My husband called yesterday...
Hubby: I saw your post and meant to say something to you. You should have asked your parents first.
Me: Why? Do you want me to lie? It happened.
Hubby: Well, I think it will make them mad. Don't you think you should have talked to them first?
Me: I have. Many times. It goes no where. Besides why would they get mad. They made that choice and haven't from what I can tell changed course. I mean when my dad came for a visit and HB got a cut. Dad was holding him while I was bandaging him up and HB was wiggly. Dad told him to stop and when he didn't immediately Dad popped HB on the behind. I had to tell him not to do that; that we don't hit people in this house.
Hubby: Yes, well...
Me: I realize that old habits die hard which is why I just left it alone, but don't you think it's bad that we don't tell them stuff because we are afraid that they'll get angry?
Hubby: I'm not afraid. It's just none of their business.
Me (thinking): It's still driven by fear.
Me (aloud): Do you remember that video? The one with the judge spanking his 16 year old. And how in the court of public opinion people got upset...
Hubby (cutting me off): Yeah, did you see that? It was horrible.
Me: Well that was basically my childhood. Minus the 16 part. I was younger. Minus the cursing. Insert lots of anger which was scarier because I was in elementary school.
Me: My mother grabbed me by the arm, told me to bend over the arm of the couch, and spanked me with my dad's belt four times and if I didn't, she'd pop me on the thigh. All while screaming.

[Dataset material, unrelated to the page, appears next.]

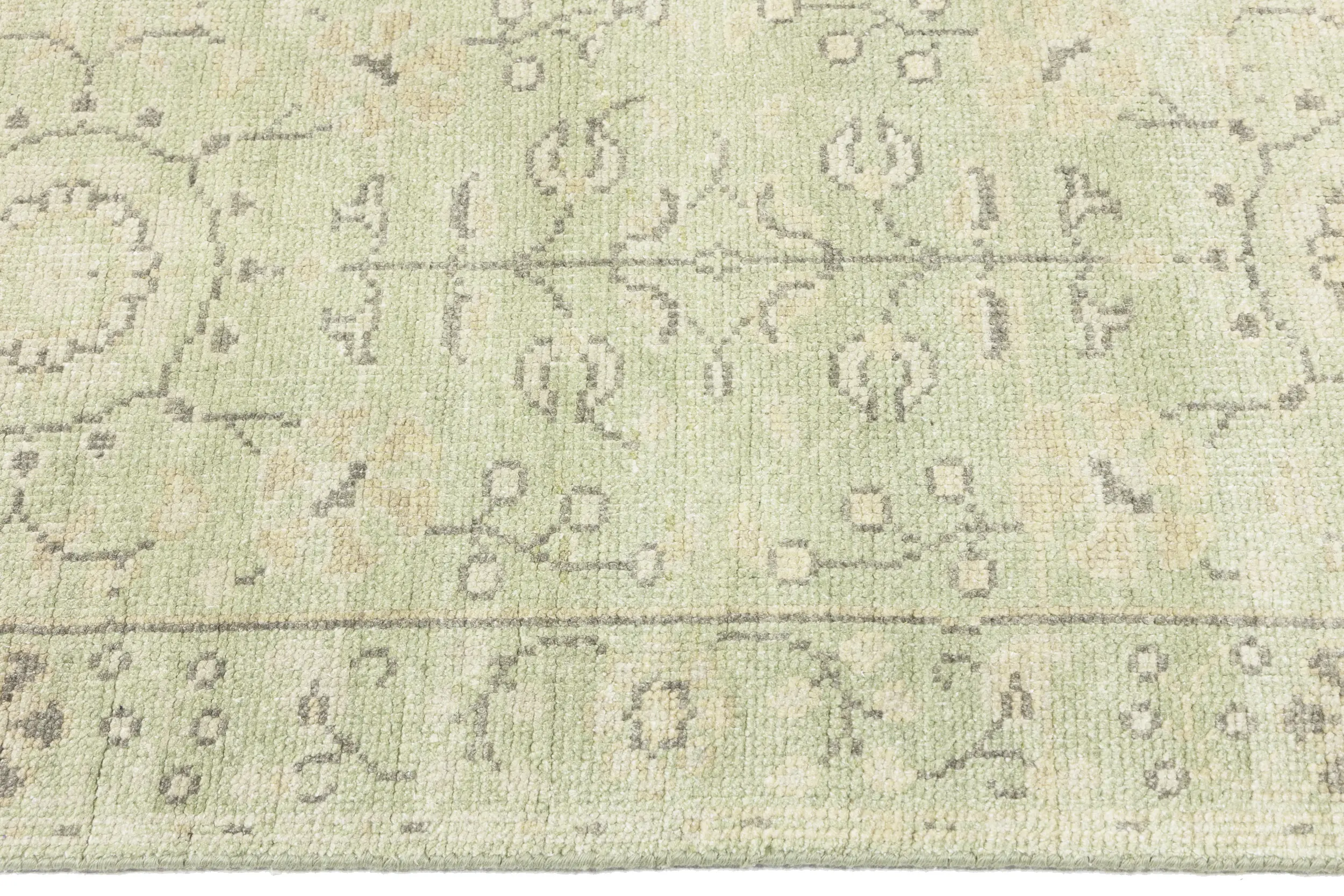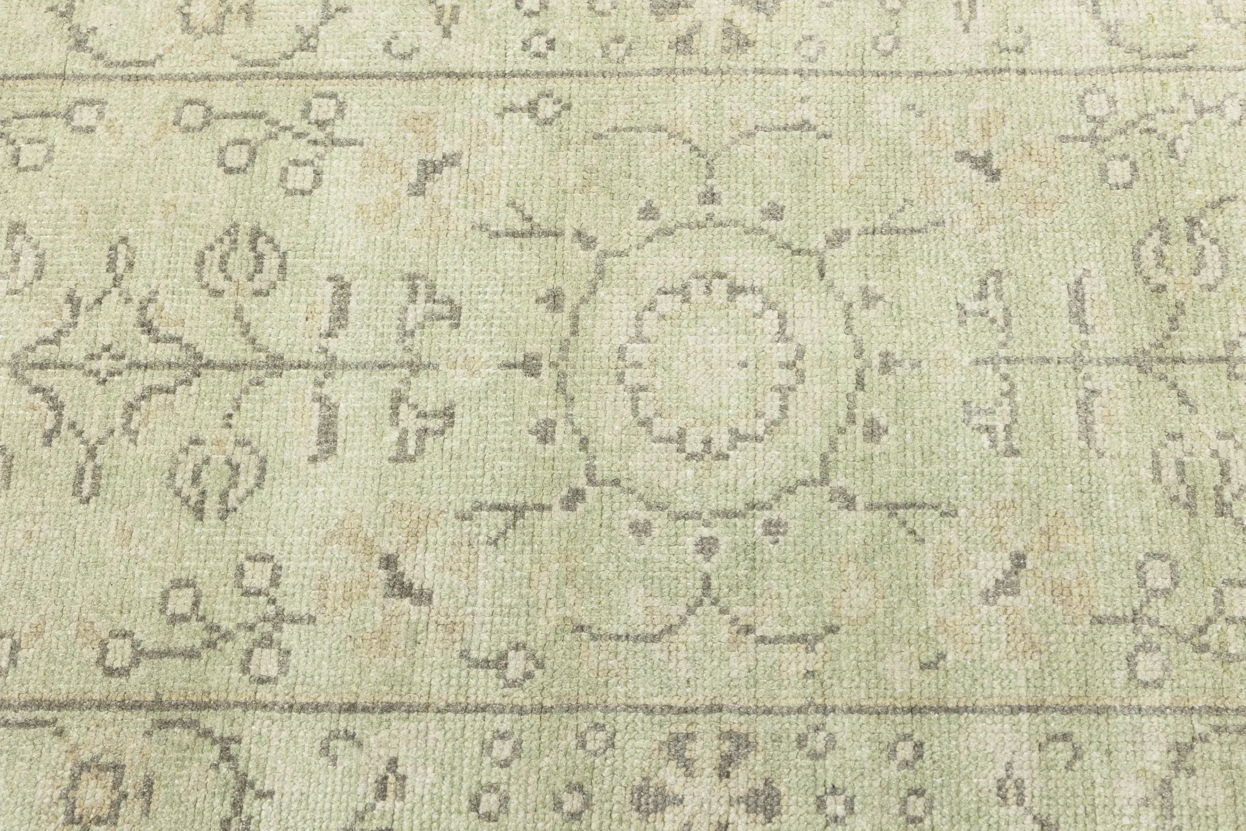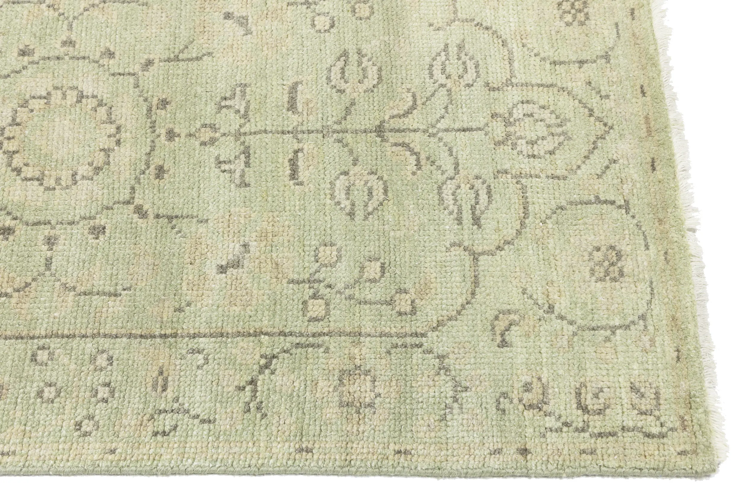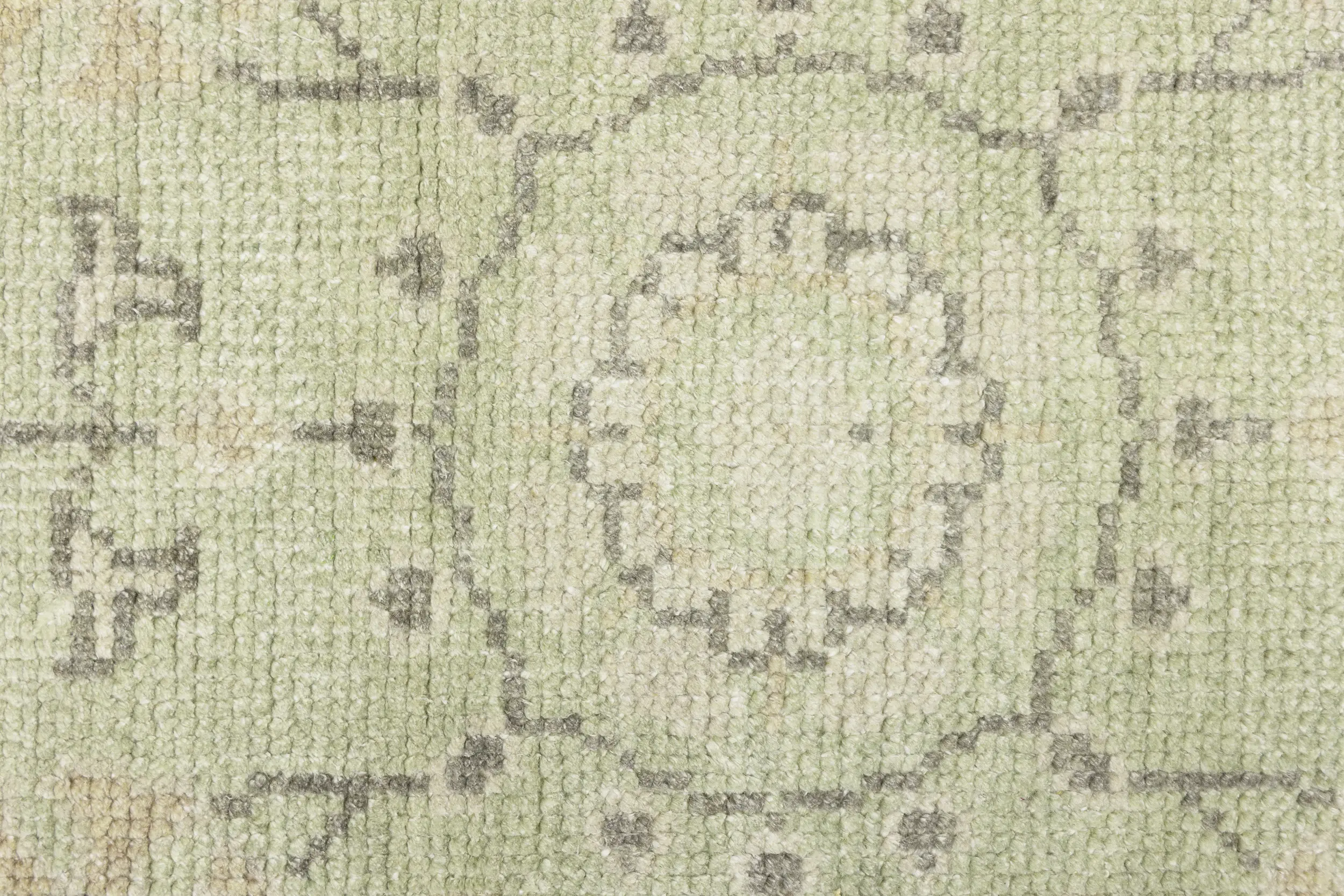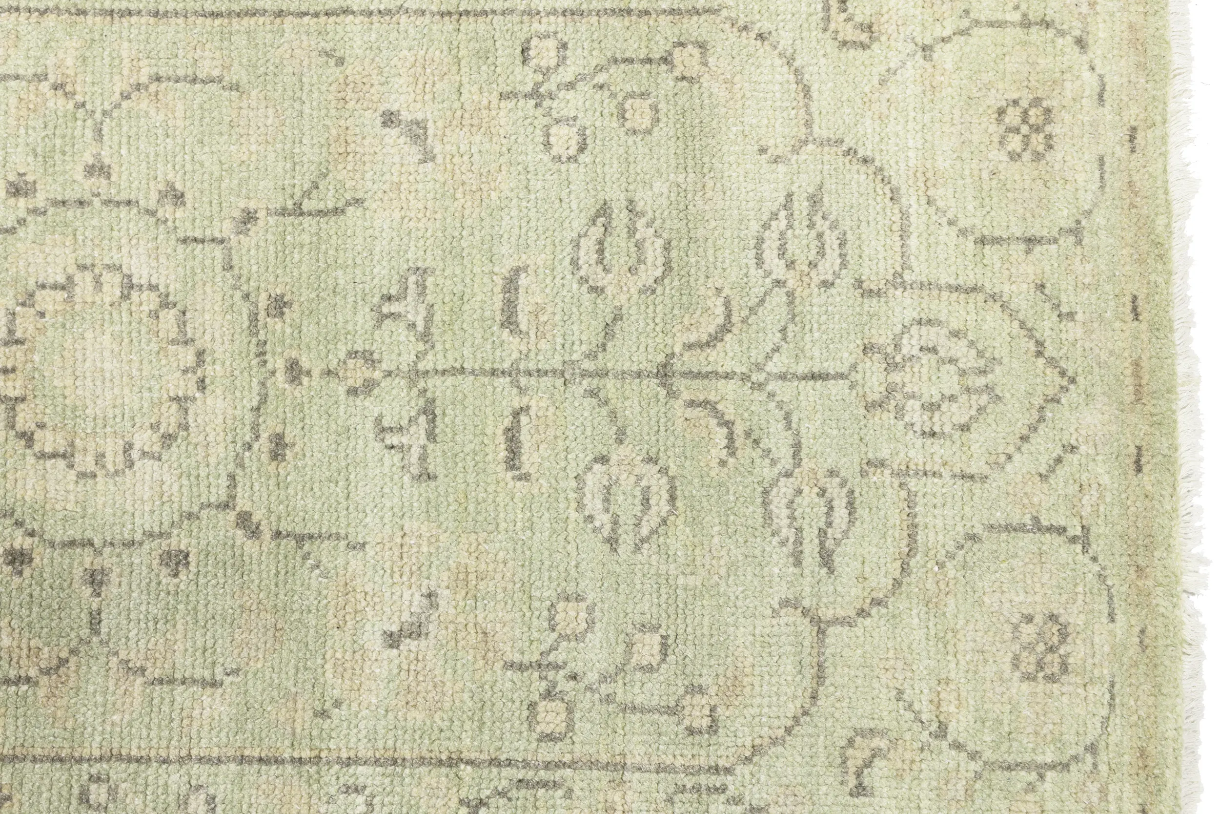 This genuine 2'8X13'9 green new Oriental runner was made by the hands of gifted weavers inspired by a variety of spectacular artistic designs, to recreate the aged look of the original piece with a richness of color and ornately patterned background field. What set this vintage style Oriental area runner from the others are the material and dye used (wool pile and cotton foundation), knot count, ancient designs, fantastic grades, and its regional historical connection: it has deep roots, from the story of the people who produced it to the meaning of the symbols and colors displayed across its canvas that have been praised for centuries. This Indian home décor carpet will be completely cozy and inviting that never will go out of style! Also, this Oriental runner would be among your most valuable treasures, it is a great investment that accrues value over time, and it will last for generations because was woven with high-quality, all-natural wool. Environmentally friendly, opulent yet affordable; this rug will give you a thorough amount of character to help define your living space with elegance and warmth that will capture the eyes and attention of your audience (homeowners, designers, decorators, family and friends).

Hubby: Well..I still think you should have asked.
Me: Why? It still happened. People are still doing that and think that it's okay for their children because it has no affect. "They turned out just fine." Well, I didn't. I'm afraid to talk to my parents because I don't know if/when they will explode. I'm scared of being a bad parent. People need to know that it's not okay anymore.
And for the record, I'm not angry. I'm sad. And yes, I'm sure my parents are angry and feel hurt. And I feel bad for them. I feel bad that I've tried to discuss this subject with them before and got my feelings summarily tapped down. I feel bad that as a result I've had to speak out about the subject of spanking in such a public way because people don't get it. I am hurt that this mentality exists where I still can't talk about certain things to my own parents. It's wrong. It's wrong that I seek comfort in my therapist, my husband, and on occasion my MIL. And it's all because people who choose this form of disciplinary action for their children do not believe it is wrong. And the government can't do anything because it's not a form of child abuse.
But you decide. You decide for yourself. Come to your own conclusions.
I won't, however, stay silent. It's the silence that has left me trapped. It's the silence that keep the problem alive.